* DATA:

━━━━━━━━━━

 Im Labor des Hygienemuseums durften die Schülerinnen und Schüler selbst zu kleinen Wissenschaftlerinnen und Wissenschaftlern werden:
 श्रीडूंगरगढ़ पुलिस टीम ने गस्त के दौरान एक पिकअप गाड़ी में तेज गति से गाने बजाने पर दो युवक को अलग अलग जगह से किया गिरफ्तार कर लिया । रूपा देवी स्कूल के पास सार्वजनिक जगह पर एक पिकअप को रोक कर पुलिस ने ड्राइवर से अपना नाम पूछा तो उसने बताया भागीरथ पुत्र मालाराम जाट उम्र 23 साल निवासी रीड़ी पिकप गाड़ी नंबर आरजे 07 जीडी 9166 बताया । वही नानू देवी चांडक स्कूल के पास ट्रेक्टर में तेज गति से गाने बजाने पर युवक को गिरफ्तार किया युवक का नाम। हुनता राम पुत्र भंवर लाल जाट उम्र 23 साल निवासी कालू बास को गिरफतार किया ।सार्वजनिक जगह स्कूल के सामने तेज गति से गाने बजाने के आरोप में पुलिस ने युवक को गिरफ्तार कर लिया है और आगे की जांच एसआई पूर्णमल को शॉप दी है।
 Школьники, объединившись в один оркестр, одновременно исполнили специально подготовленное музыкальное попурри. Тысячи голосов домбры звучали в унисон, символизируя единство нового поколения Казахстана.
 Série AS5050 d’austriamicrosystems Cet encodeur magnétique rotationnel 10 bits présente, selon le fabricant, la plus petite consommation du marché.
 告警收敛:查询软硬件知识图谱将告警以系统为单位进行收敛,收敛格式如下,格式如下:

━━━━━━━━━━

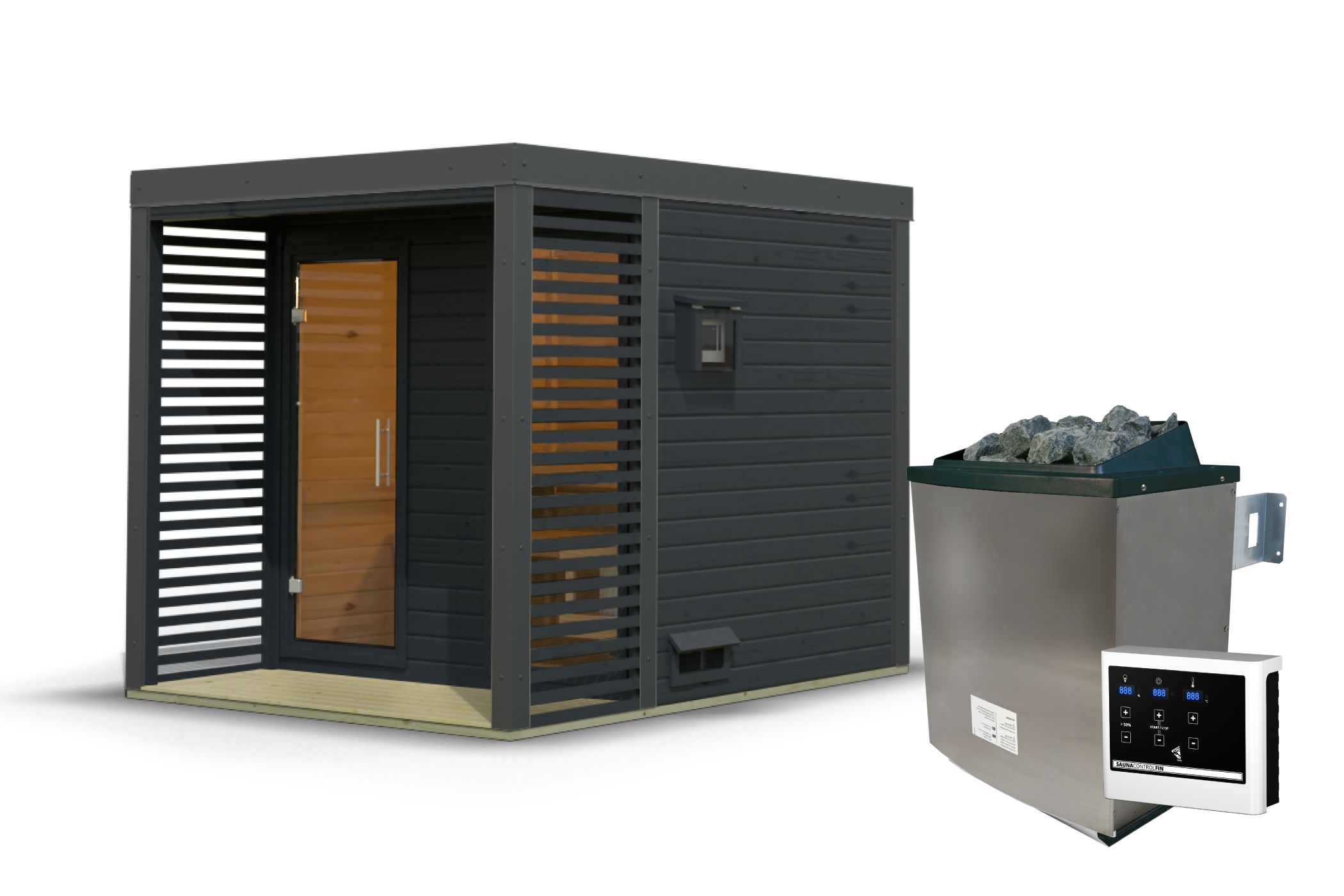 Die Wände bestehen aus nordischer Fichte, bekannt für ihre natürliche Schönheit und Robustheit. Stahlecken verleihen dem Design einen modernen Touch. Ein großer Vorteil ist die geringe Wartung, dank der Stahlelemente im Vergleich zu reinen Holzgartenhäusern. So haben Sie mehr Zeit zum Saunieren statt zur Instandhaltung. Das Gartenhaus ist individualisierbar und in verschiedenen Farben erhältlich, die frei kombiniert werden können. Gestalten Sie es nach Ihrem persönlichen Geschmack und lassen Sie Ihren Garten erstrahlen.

━━━━━━━━━━

* WORK TO BE COMPLETED:
Find the line with "श्रीडूंगरगढ़ पुलिस टीम" in the material above. Reproduce it and each line after it up to and including the line with "告警收敛:查询软硬件知识图谱".

* SOLUTION FOR THIS EXERCISE:
 श्रीडूंगरगढ़ पुलिस टीम ने गस्त के दौरान एक पिकअप गाड़ी में तेज गति से गाने बजाने पर दो युवक को अलग अलग जगह से किया गिरफ्तार कर लिया । रूपा देवी स्कूल के पास सार्वजनिक जगह पर एक पिकअप को रोक कर पुलिस ने ड्राइवर से अपना नाम पूछा तो उसने बताया भागीरथ पुत्र मालाराम जाट उम्र 23 साल निवासी रीड़ी पिकप गाड़ी नंबर आरजे 07 जीडी 9166 बताया । वही नानू देवी चांडक स्कूल के पास ट्रेक्टर में तेज गति से गाने बजाने पर युवक को गिरफ्तार किया युवक का नाम। हुनता राम पुत्र भंवर लाल जाट उम्र 23 साल निवासी कालू बास को गिरफतार किया ।सार्वजनिक जगह स्कूल के सामने तेज गति से गाने बजाने के आरोप में पुलिस ने युवक को गिरफ्तार कर लिया है और आगे की जांच एसआई पूर्णमल को शॉप दी है।
 Школьники, объединившись в один оркестр, одновременно исполнили специально подготовленное музыкальное попурри. Тысячи голосов домбры звучали в унисон, символизируя единство нового поколения Казахстана.
 Série AS5050 d’austriamicrosystems Cet encodeur magnétique rotationnel 10 bits présente, selon le fabricant, la plus petite consommation du marché.
 告警收敛:查询软硬件知识图谱将告警以系统为单位进行收敛,收敛格式如下,格式如下:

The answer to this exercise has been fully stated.